Kesenjangan akses digital perlu diatasi agar penerapan AI dapat dimanfaatkan secara optimal.
Pemerintah dan regulator harus merumuskan kebijakan AI yang terarah dan terukur.
Peningkatan literasi digital dan keterampilan baru sangat penting untuk menghadapi era kecerdasan buatan.
Indonesia sedang berusaha mempercepat transformasi berbasis kecerdasan buatan (AI), tetapi masih menghadapi masalah kesenjangan akses digital. Banyak daerah, terutama pelosok, belum memiliki konektivitas internet yang memadai. Hal ini membuat penerapan AI belum optimal dan hanya dinikmati sebagian masyarakat saja. Pemerataan infrastruktur telekomunikasi menjadi hal penting agar semua lapisan masyarakat bisa merasakan manfaat digitalisasi. Tanpa pembangunan infrastruktur yang merata, kesenjangan digital justru akan semakin lebar, dan adopsi AI hanya terkonsentrasi di daerah yang sudah maju.
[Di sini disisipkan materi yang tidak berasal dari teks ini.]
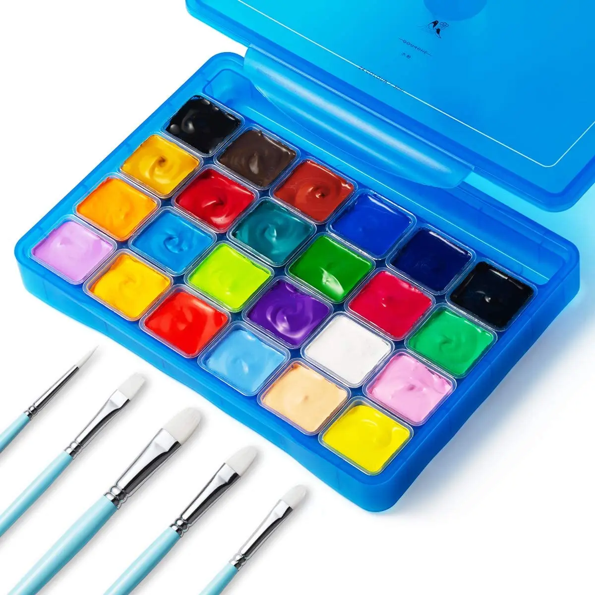 1. Яркий Набор цветных кисточек с красками: 24 цвета хими гуашь набор красок с 24 яркими цветами, толстый и кремовый оттенок в чашке желе, яркий и жидкий для краски, красиво смешивается для вашей художественной работы;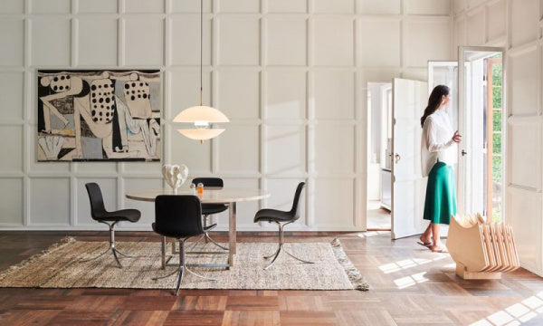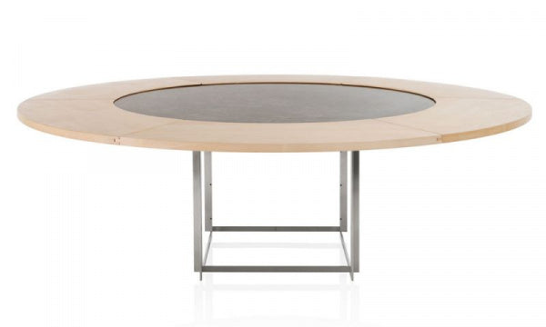 PK54 を拡張したい人へのユニークなソリューションです。通常6人まで快適に座れる PK54 ですが、木製のエクステンションパネルを取り付けることで、最大12名まで使用できます。石と木、ハードとソフト。石のテーブルトップに木製の延長テーブルを組み合わせることで、テーブルの外観はまったく新しいものになります。PK54A は、プレートを並べてのテーブルセッティングや、インテリアデザインの美しいアクセントに最適なエクステンションパネルです。デンマークのFRITZ HANSEN(フリッツ・ハンセン)社の商品です。【1963年デザイン】

Selain infrastruktur, pemerintah dan regulator juga perlu menyusun blueprint kebijakan AI yang jelas dan tidak tumpang tindih antar sektor. Dengan arah kebijakan yang terukur, inovasi AI di Indonesia dapat memberikan dampak ekonomi yang lebih luas serta berjalan dengan aman dan terkontrol. Kesiapan sumber daya manusia juga jadi faktor penentu keberhasilan penerapan AI. Masyarakat dan tenaga kerja harus ditingkatkan literasi digital dan keterampilannya agar bisa mengikuti perubahan teknologi dan tidak kalah dalam persaingan dunia kerja di masa depan. CNBC Indonesia mengadakan forum diskusi bernama Coffee Morning CNBC Indonesia Tech and Telco Edition, yang mempertemukan berbagai pemangku kepentingan seperti regulator dan perusahaan telekomunikasi untuk membahas solusi dan kolaborasi dalam menghadapi tantangan ini, dengan harapan menciptakan ekosistem AI yang inklusif dan berkelanjutan.

Analisis Ahli

Andi Suherman (Pakarnya Kebijakan Digital Indonesia)
Kolaborasi antar sektor sangat krusial dalam mengatasi tantangan regulasi dan infrastruktur sehingga AI bisa diakses merata. Penguatan literasi digital harus menjadi prioritas agar masyarakat siap menghadapi perubahan teknologi.
Rina Hartati (Peneliti AI dan Teknologi Informasi)
Blueprint kebijakan AI perlu fokus pada keamanan data dan etika penggunaannya agar inovasi tidak hanya maju, tetapi juga bertanggung jawab dan berkelanjutan.